Despised Icon
Beast
Nuclear Blast Records
Release Date: 22 July 2016
Review by Steve Jenkins
From the early 2000’s right up until 2010, Montreal-based deathcore monsters, Despised Icon, created some of the most extreme music to fall upon people’s ears. They took the genre of deathcore and added their own style of ferocious blast beats, guttural vocals featuring pig squeals and hardcore style chants, devastatingly HEAVY breakdowns and crushing heaviness. Nobody else could come close and they quickly become the Kings of deathcore, amongst the likes of Whitechapel, Suicide Silence, Carnifex and more.
Then in 2010, Despised Icon announced that they were disbanding so that members of the band could begin new chapters in their lives.
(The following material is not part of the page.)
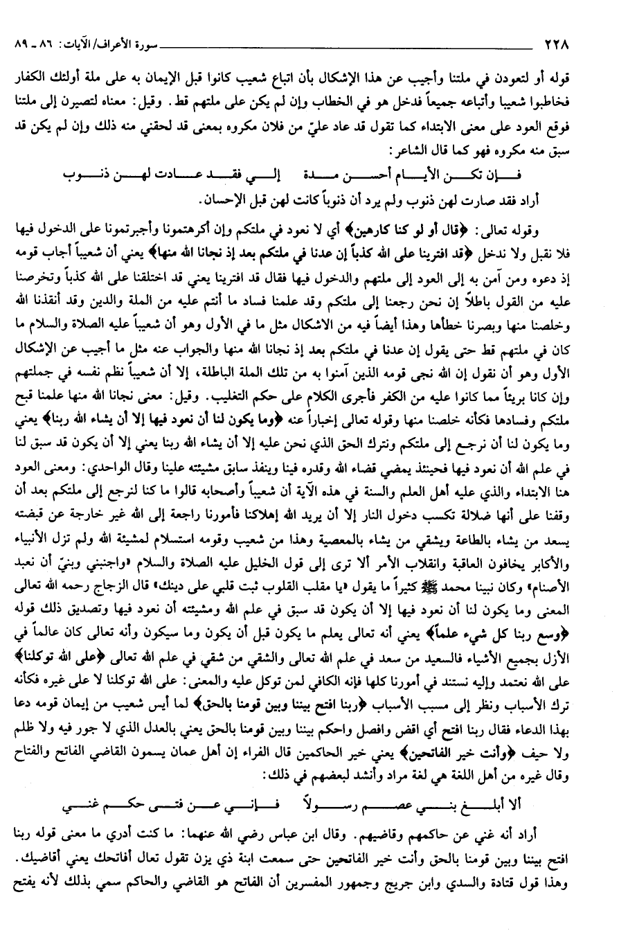 وقوله تعالى: قالَ أَوَلَوْ كُنَّا كارِهِينَ أي لا نعود في ملتكم وإن أكرهتمونا وأجبرتمونا على الدخول فيها فلا نقبل ولا ندخل قَدِ افْتَرَيْنا عَلَى اللَّهِ كَذِباً إِنْ عُدْنا فِي مِلَّتِكُمْ بَعْدَ إِذْ نَجَّانَا اللَّهُ مِنْها يعني أن شعيبا أجاب قومه إذ دعوه ومن آمن به إلى العود إلى ملتهم والدخول فيها فقال قد افترينا يعني قد اختلقنا على الله كذبا وتخرصنا عليه من القول باطلا إن نحن رجعنا إلى ملتكم وقد علمنا فساد ما أنتم عليه من الملة والدين وقد أنقذنا الله وخلصنا منها وبصرنا خطأها وهذا أيضا فيه من الأشكال مثل ما في الأول وهو أن شعيبا عليه الصلاة والسلام ما كان في ملتهم قط حتى يقول إن عدنا في ملتكم بعد إذ نجانا الله منها والجواب عنه مثل ما أجيب عن الإشكال الأول وهو أن نقول إن الله نجى قومه الذين آمنوا به من تلك الملة الباطلة، إلا أن شعيبا نظم نفسه في جملتهم وإن كانا بريئا مما كانوا عليه من الكفر فأجرى الكلام على حكم التغليب. وقيل: معنى نجانا الله منها علمنا قبح ملتكم وفسادها فكأنه خلصنا منها وقوله تعالى إخبارا عنه وَما يَكُونُ لَنا أَنْ نَعُودَ فِيها إِلَّا أَنْ يَشاءَ اللَّهُ رَبُّنا يعني وما يكون لنا أن نرجع إلى ملتكم ونترك الحق الذي نحن عليه إلا أن يشاء الله ربنا يعني إلا أن يكون قد سبق لنا في علم الله أن نعود فيها فحينئذ يمضي قضاء الله وقدره فينا وينفذ سابق مشيئته علينا وقال الواحدي: ومعنى العود هنا الابتداء والذي عليه أهل العلم والسنة في هذه الآية أن شعيبا وأصحابه قالوا ما كنا لنرجع إلى ملتكم بعد أن وقفنا على أنها ضلالة تكسب دخول النار إلا أن يريد الله إهلاكنا فأمورنا راجعة إلى الله غير خارجة عن قبضته يسعد من يشاء بالطاعة ويشقي من يشاء بالمعصية وهذا من شعيب وقومه استسلام لمشيئة الله ولم تزل الأنبياء والأكابر يخافون العاقبة وانقلاب الأمر ألا ترى إلى قول الخليل عليه الصلاة والسلام «واجنبني وبنيّ أن نعبد الأصنام» وكان نبينا محمد صلى الله عليه وسلم كثيرا ما يقول «يا مقلب القلوب ثبت قلبي على دينك» قال الزجاج رحمه الله تعالى المعنى وما يكون لنا أن نعود فيها إلا أن يكون قد سبق في علم الله ومشيئته أن نعود فيها وتصديق ذلك قوله وَسِعَ رَبُّنا كُلَّ شَيْءٍ عِلْماً يعني أنه تعالى يعلم ما يكون قبل أن يكون وما سيكون وأنه تعالى كان عالما في الأزل بجميع الأشياء فالسعيد من سعد في علم الله تعالى والشقي من شقي في علم الله تعالى عَلَى اللَّهِ تَوَكَّلْنا على الله نعتمد وإليه نستند في أمورنا كلها فإنه الكافي لمن توكل عليه والمعنى: على الله توكلنا لا على غيره فكأنه ترك الأسباب ونظر إلى مسبب الأسباب رَبَّنَا افْتَحْ بَيْنَنا وَبَيْنَ قَوْمِنا بِالْحَقِّ لما أيس شعيب من إيمان قومه دعا بهذا الدعاء فقال ربنا افتح أي اقض وافصل واحكم بيننا وبين قومنا بالحق يعني بالعدل الذي لا جور فيه ولا ظلم ولا حيف وَأَنْتَ خَيْرُ الْفاتِحِينَ يعني خير الحاكمين قال الفراء إن أهل عمان يسمون القاضي الفاتح والفتاح وقال غيره من أهل اللغة هي لغة مراد وأنشد لبعضهم في ذلك:

Vocalist, Alex Erian forming his own band Obey The Brave, which took right off with two studio albums and world tours aplenty.
In 2014, the band announced that they would reunite to perform several shows across North America and Europe, which would eventually lead to the band signing to Nuclear Blast and their fifth studio album, titled Beast.
Now in 2016, their batteries are fully charged and they’re ready to take on the world with their brute force style of hardcore, mixed with signatures of technical death metal. Beast is ten tracks of undeniable brutality that is made to crush you from start to finish. A quality that Despised Icon possess unlike some bands in the genre, is the ability to make the music their own. Distinctly, all it takes is one gang-shout, one bree-bree, one riff, or one grind-blast beat to let the listener know who’s currently pounding away at their ear drums.
Beast is well crafted album that doesn’t let up and takes all the facets crucial to their sound to the extreme. Starting with The Aftermath, it’s a clear indication that they haven’t slowed down one bit. Standout tracks such as Drapeau Noir and Grind Forever showcase their technical ability with precise execution, exploding and cutting guitars accompanied by a dedicated rhythm section. The vocals of Alex and Steve combined is raw as ever and provided that wonderful contrast of hardcore and death metal when utilised as well as they do.
When one looks back at the catalogue of this band, there is an obvious progression in every aspect. Whether it’s guitar work, drumming, vocals, songwriting and production. The band does not re-invent their sound, nor re-invent the wheel. They evolve. This album is a well-oiled, cold, calculating machine mixed with a brutal, unrelenting predator. It will crush you, and you will enjoy it.